The newly adopted nutrition standards are largely based on recommendations by the Institute of Medicine (IOM) of the National Academies and are designed to help in the fight against childhood obesity, which is now affecting 17 percent of children living in the U.S.

Under the revised rules, all meals served in school cafeterias will have upper and lower limits of calories, which vary with each age group. Kindergarteners to fifth-graders will receive 550 to 650 calories per meal, 6th to 8th graders about 700 calories, and 12th graders up to 850 calories.

The extra costs for better nutritional quality come to about $6.8 billion over the next five years, according to government estimates. “Schools are definitely going to be challenged by the additional costs of meeting the new rules,” says Dianne Pratt-Heaver, a spokesperson for the School Nutrition Association (SNA), a non-profit organization that represents school cafeteria vendors and operators. The government will pay schools six cents per meal on top of the current rate, which is not nearly enough to cover expenses, according to the SNA. The school lunch program provides daily meals to about 32 million students, often for free or at a reduced price.
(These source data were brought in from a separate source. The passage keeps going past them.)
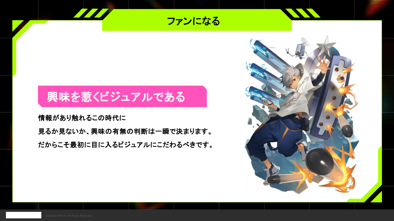 そのビジュアルに関しては「初出の描き下ろしを使用する」「拡散したくなる仕組みにする」などのポイントを具体的な事例を元に解説が行われました。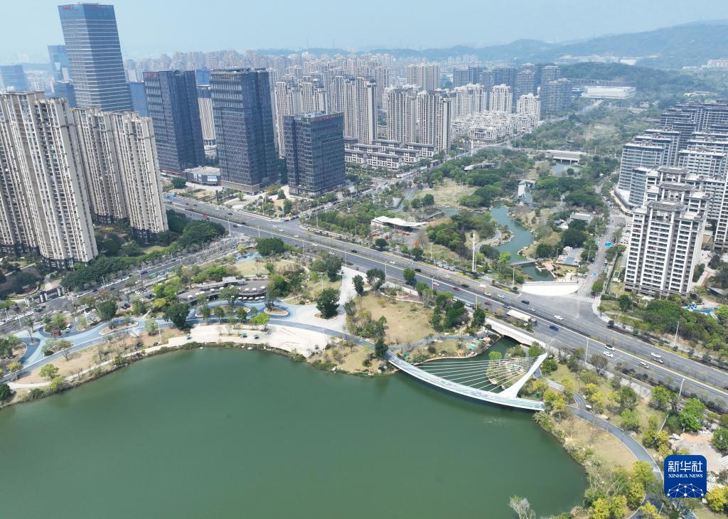 由水廊、綠廊貫穿的晉安湖公園、鶴林生態公園和牛崗山公園組成了晉安公園,是福州主城區首條生態廊道,也是福州防洪調蓄、打造韌性城市的樞紐(3月22日攝,無人機照片)。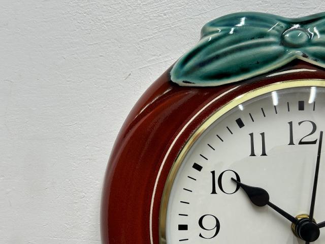 ドイツ製ヴィンテージ・陶器製の掛時計は1970年代の頃のもの。トマトかりんごでしょうか♪ キッチンやダイニングにピッタリの掛時計です。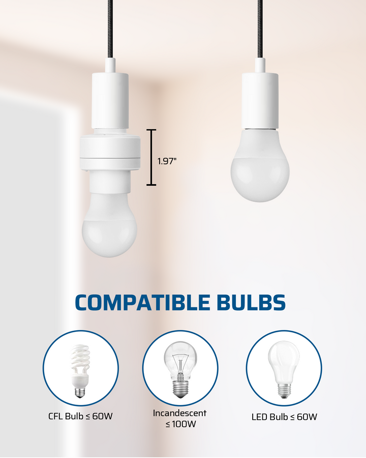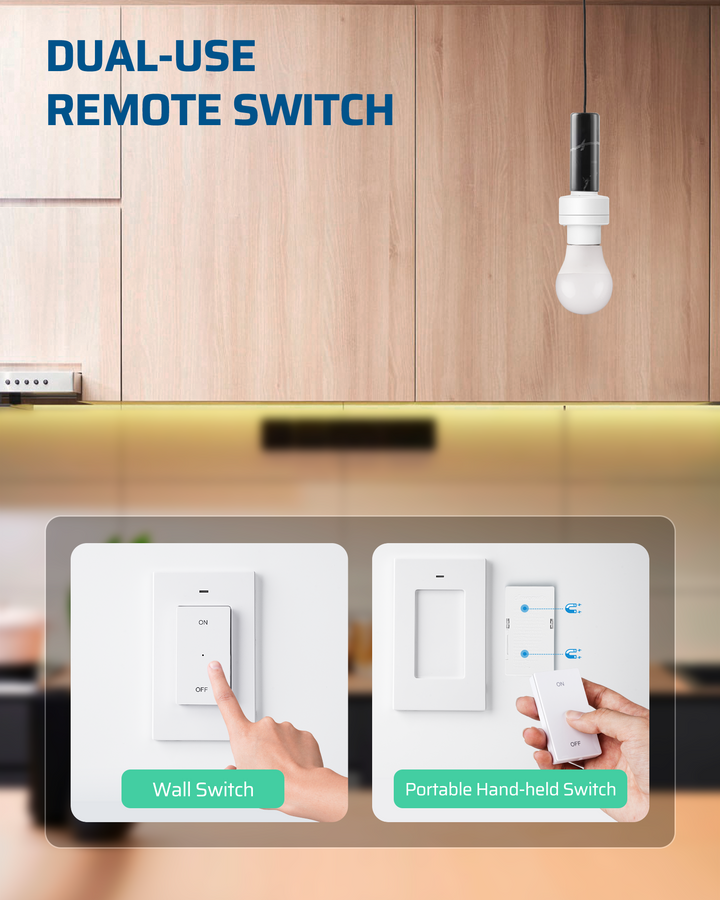 DEWENWILS Remote Control Light Socket, Wireless Light Switch for Pull Chain Light Lamp Fixtures, 100FT Range, No Wiring Needed, ETL Listed(1 Wall Mounted Controller+1 Bulb Base, Shorter Version) - HRLS11S-P1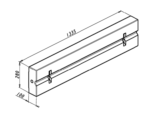 Abmessungen: L: 1335 mm, W: 280 mm, T: 100 mm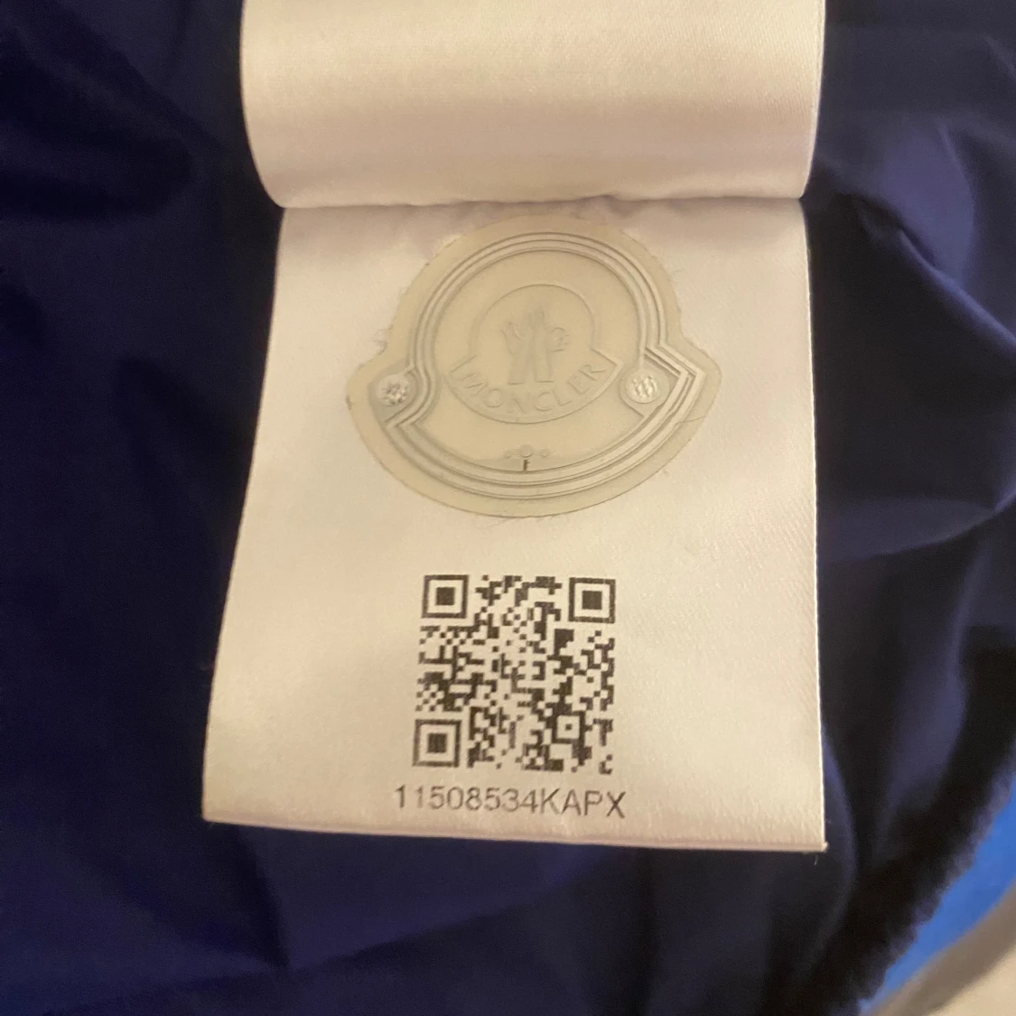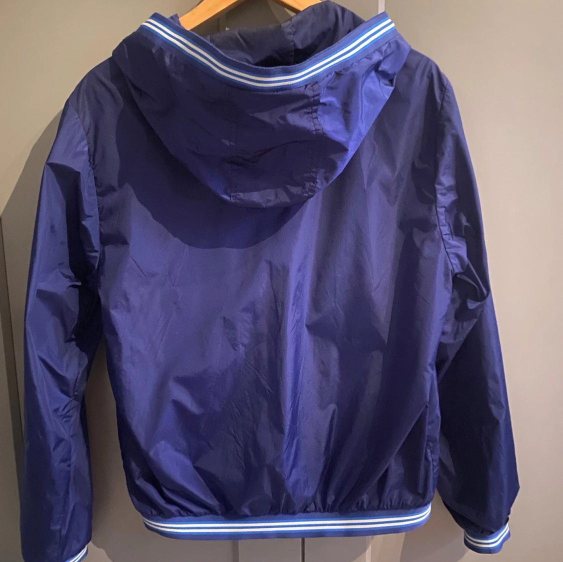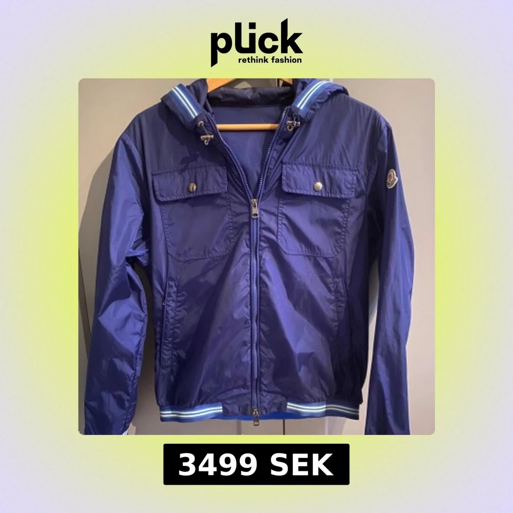 Snygg och stilren blå vindjacka från moncler. Jackan är nästan aldrig använd och har inga skador eller fläckar. Den är i storlek 1 - Small

Regardless, Ms. Pratt-Heaver says, her organization approves of the new policies. The Academy of Nutrition and Dietetics (formerly known as the American Dietetic Association) has also signaled its support. “Given the realities of federal, state and local budgets, the Academy of Nutrition and Dietetics is committed to leading the creative collaborations that will be needed to implement changes in the school food program,” said Sylvia A. Escott-Stump, a Registered Dietitian and President of the Academy in an official statement by the organization.

The new regulations mark the first overhaul of the school lunch program since the 1990s and will gradually be phased in over the next three year. It was not an easy task, considering the oftentimes vehement opposition from food manufacturers, which culminated in last year’s controversy over whether pizza (or rather the tomato paste topping) should qualify as a vegetable serving. So far, it does, at least legally.
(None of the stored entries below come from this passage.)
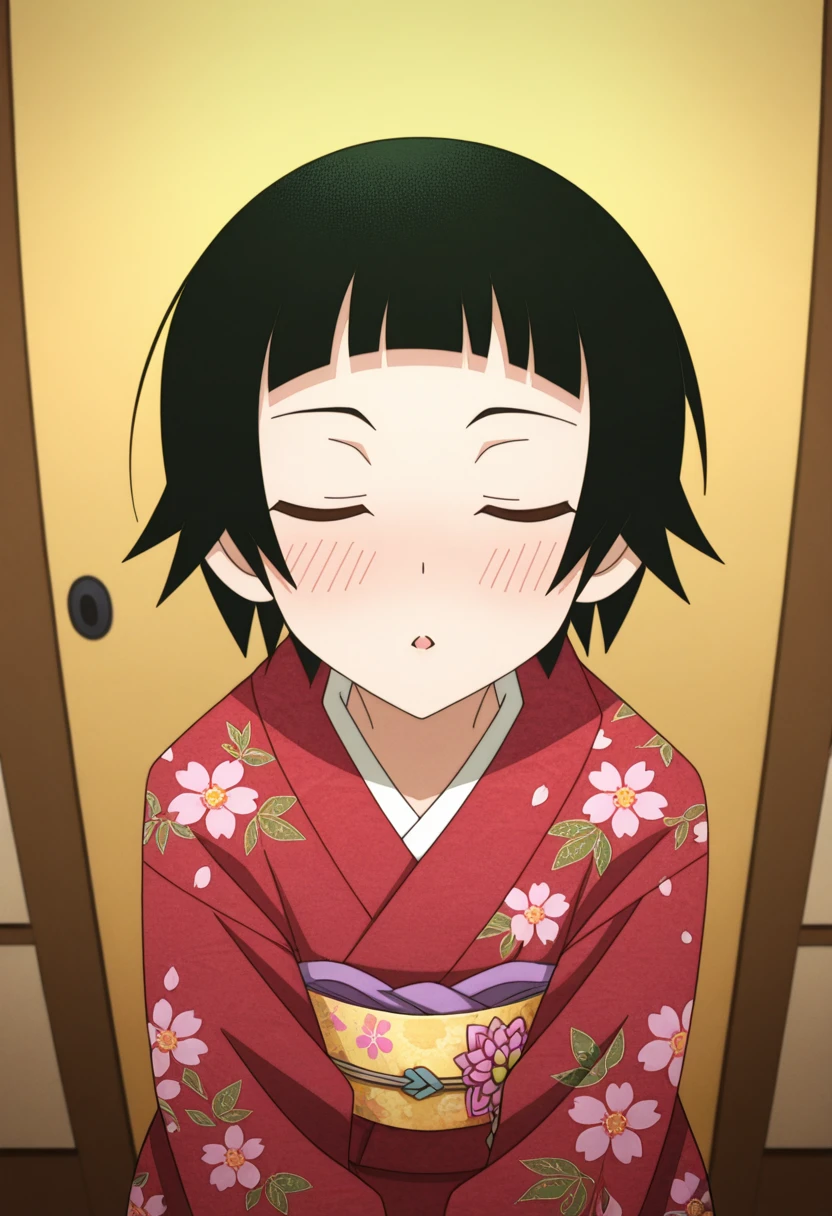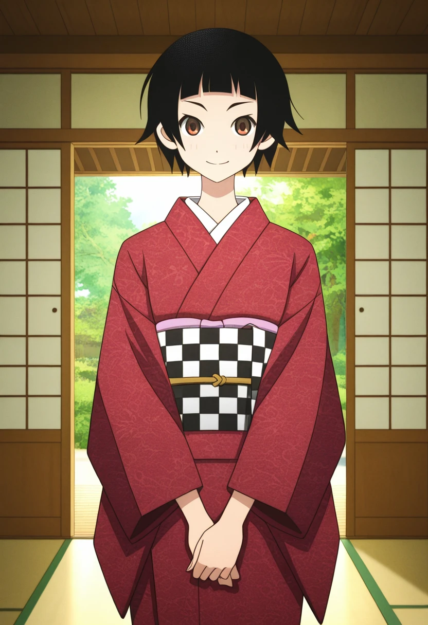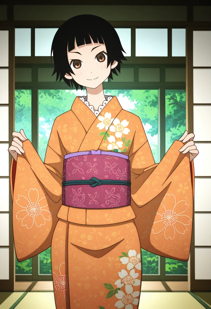 japanese clothes, kimono, "floral print" or "checkered clothes" or "yagasuri"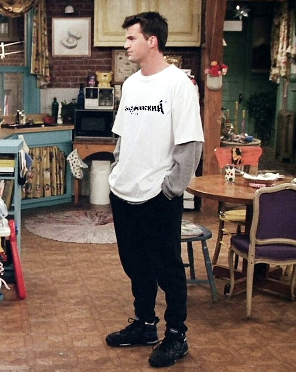 Мы считаем, что Чендлер — родоначальник тренда на футболку поверх лонгслива. Кстати, советуем использовать этот прием в новом сезоне.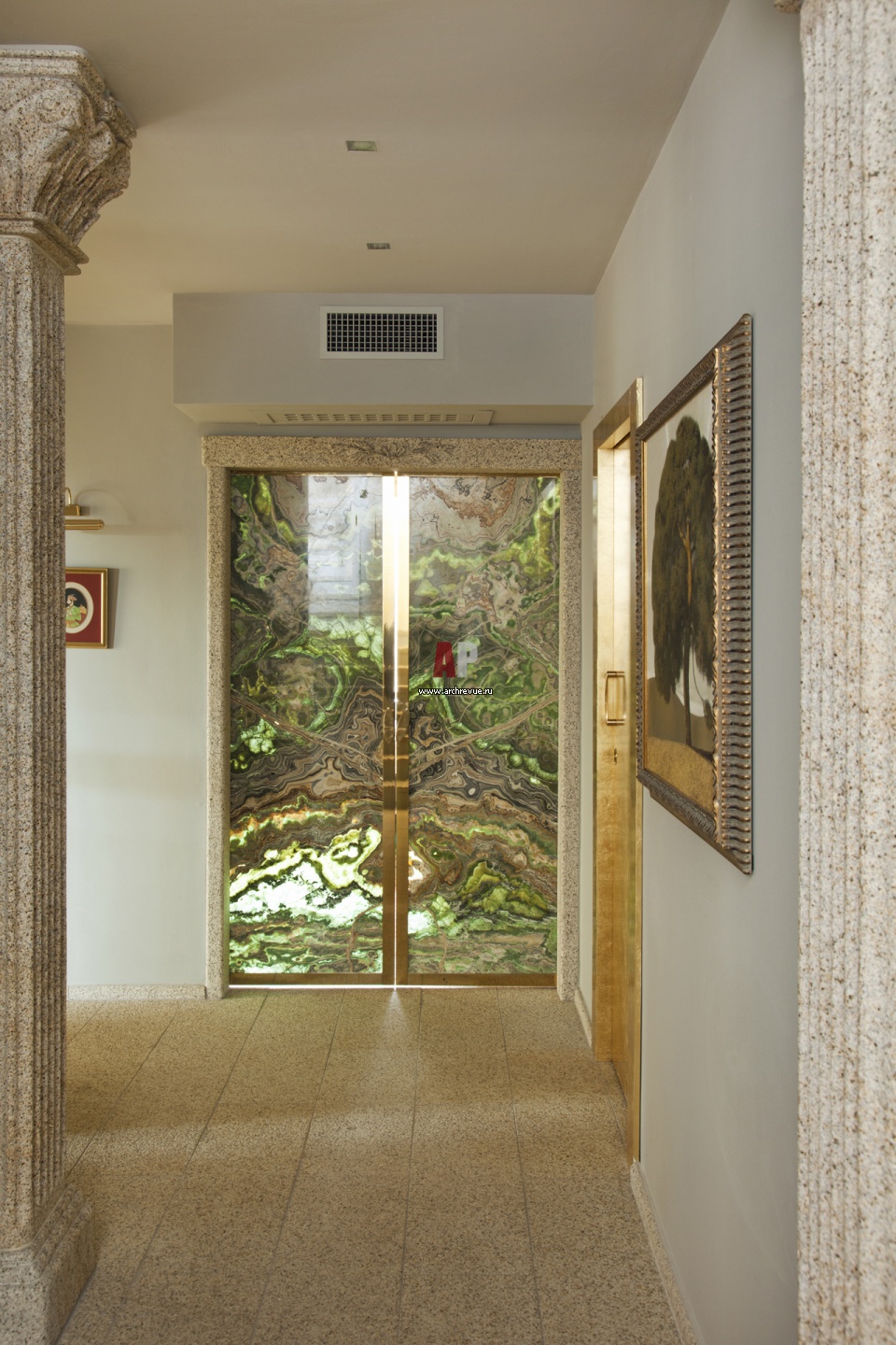 Входная группа с прихожей в парадной части дома. Дверь выполнена из оникса. Неоантичные колонны с резными капителями из гранита.

Also somewhat unresolved remains a dispute over the nutritional benefits of potatoes. The National Potato Council (NPC) has voiced strong objections to any attempts to limit servings of potatoes in school lunches, including French fries. “We still feel like the potato is downplayed in favor of other vegetables in the new guidelines,” said Mark Szymanski, a spokesperson for the NPC. “It seems the department still considers the potato a second-class vegetable.”

There is some reason for that. According to a study by the Harvard School of Public Health, which followed over 120,000 people for up to 20 years to find out what kinds of food affected their weight, potatoes were found to rank among the greatest weight boosters.
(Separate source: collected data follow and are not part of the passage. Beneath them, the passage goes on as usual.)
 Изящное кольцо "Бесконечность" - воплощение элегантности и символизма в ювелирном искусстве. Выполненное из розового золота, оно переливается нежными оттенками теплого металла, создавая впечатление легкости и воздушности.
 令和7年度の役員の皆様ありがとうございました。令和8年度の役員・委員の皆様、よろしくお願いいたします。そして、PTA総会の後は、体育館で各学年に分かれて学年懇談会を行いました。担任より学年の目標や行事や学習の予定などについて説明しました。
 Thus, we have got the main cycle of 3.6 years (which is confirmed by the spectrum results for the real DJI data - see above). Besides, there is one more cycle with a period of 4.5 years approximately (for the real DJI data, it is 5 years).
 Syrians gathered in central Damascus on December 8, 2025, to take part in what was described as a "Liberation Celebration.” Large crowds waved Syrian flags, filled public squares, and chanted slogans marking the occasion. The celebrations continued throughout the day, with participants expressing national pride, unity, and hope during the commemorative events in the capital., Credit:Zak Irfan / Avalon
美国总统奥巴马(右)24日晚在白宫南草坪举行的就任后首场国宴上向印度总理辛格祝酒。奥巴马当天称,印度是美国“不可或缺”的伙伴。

There is a very strong hypothesis that potatoes in particular lead to weight gain, says Professor Walter Willett, an Epidemiologist at Harvard and lead author of the study report. The reason is that potatoes are consumed fully cooked and rapidly broken down into sugar. Sugar is quickly absorbed into the bloodstream and eliminated by insulin, which leaves us hungry again after just a few hours. Particularly problematic, Dr. Willett says, are potatoes made into French fries and potato chips, “because they’re designed to make us overeat.”

Fried potatoes are also much higher in calorie and fat content than the steamed or baked varieties because of the oil used in the process. While one baked medium-size potato carries about 110 calories and virtually no fat, a medium-size serving of French fries has about 380 calories and 19 grams of fat.

Calories and fat, of course, are not the only issues. High levels of sodium are of equally great concern. While a medium-size potato contains about 10 mg of sodium (without added salt), a medium-size order of French fries comes with a whopping 270 mg.

Worries about sodium content have also fueled the debate over tomato paste on pizza. While tomatoes in their natural form are almost sodium-free, processed tomatoes like tomato paste, canned tomato sauce and ketchup can have over 1000 mg of sodium per serving (100g). High levels of sodium are known to cause a number of negative health effects, including heart disease and high blood pressure.

As a dietitian and grandmother of kindergarteners and gradeschoolers, I obviously support the changes the new guidelines are trying to achieve. However, much work remains to be done before all school children can receive the quality nutrition they need to grow up healthy and succeed at learning.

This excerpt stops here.